*Action item*. Below, locate the line that contains "Sie erhalten einen". Repeat exactly from that line to the line that contains "教學教材連結的資源比較多,包含國英數的教材原型。", inclusive, leaving out the pictures.

*Exercise data*.
---

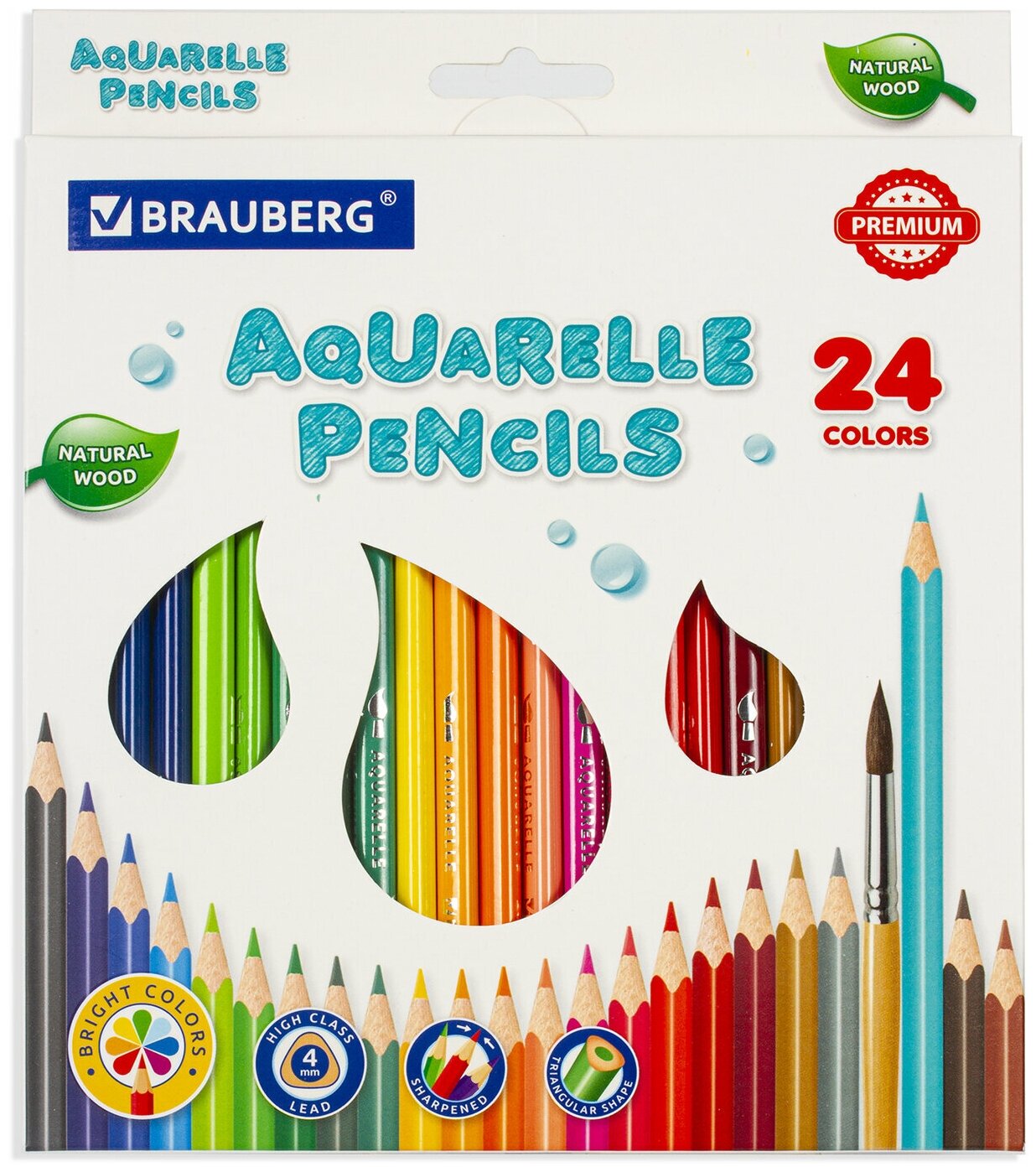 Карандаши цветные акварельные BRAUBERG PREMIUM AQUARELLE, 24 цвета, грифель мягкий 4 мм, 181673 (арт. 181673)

---

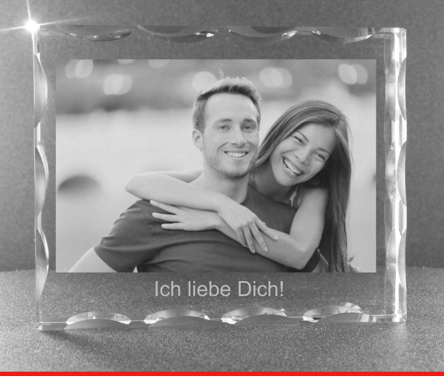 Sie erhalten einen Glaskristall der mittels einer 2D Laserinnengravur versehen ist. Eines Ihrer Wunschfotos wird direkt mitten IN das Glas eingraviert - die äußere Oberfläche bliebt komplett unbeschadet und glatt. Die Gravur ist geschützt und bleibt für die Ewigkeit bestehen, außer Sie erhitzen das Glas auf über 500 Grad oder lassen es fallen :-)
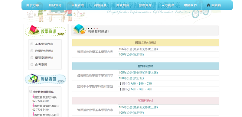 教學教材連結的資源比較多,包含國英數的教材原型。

---

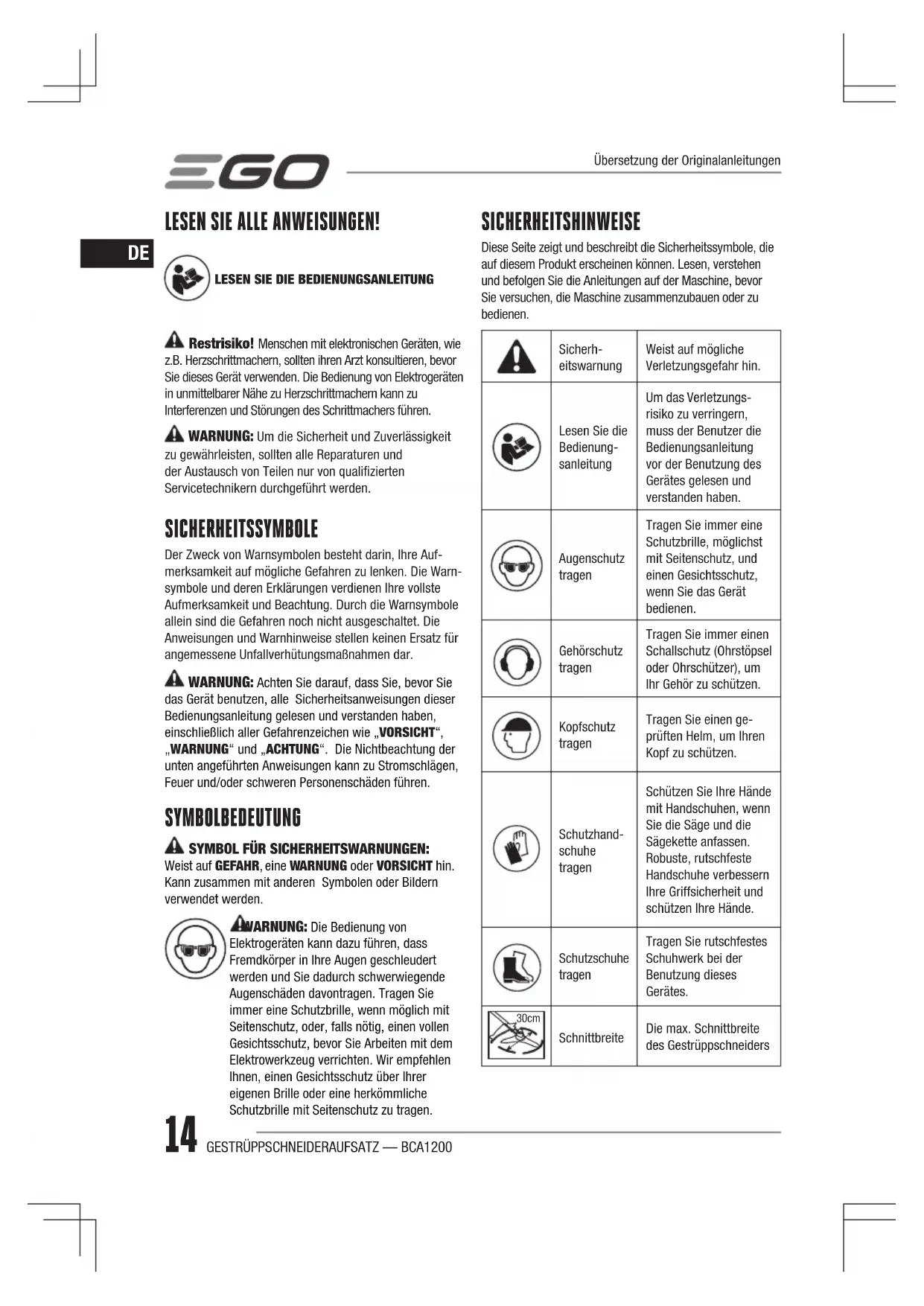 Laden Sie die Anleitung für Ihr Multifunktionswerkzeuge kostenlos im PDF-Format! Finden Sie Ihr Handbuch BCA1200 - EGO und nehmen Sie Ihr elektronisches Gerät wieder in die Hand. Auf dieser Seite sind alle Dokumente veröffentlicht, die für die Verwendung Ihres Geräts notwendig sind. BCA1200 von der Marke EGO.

---

*Final answer*.
 Sie erhalten einen Glaskristall der mittels einer 2D Laserinnengravur versehen ist. Eines Ihrer Wunschfotos wird direkt mitten IN das Glas eingraviert - die äußere Oberfläche bliebt komplett unbeschadet und glatt. Die Gravur ist geschützt und bleibt für die Ewigkeit bestehen, außer Sie erhitzen das Glas auf über 500 Grad oder lassen es fallen :-)
 教學教材連結的資源比較多,包含國英數的教材原型。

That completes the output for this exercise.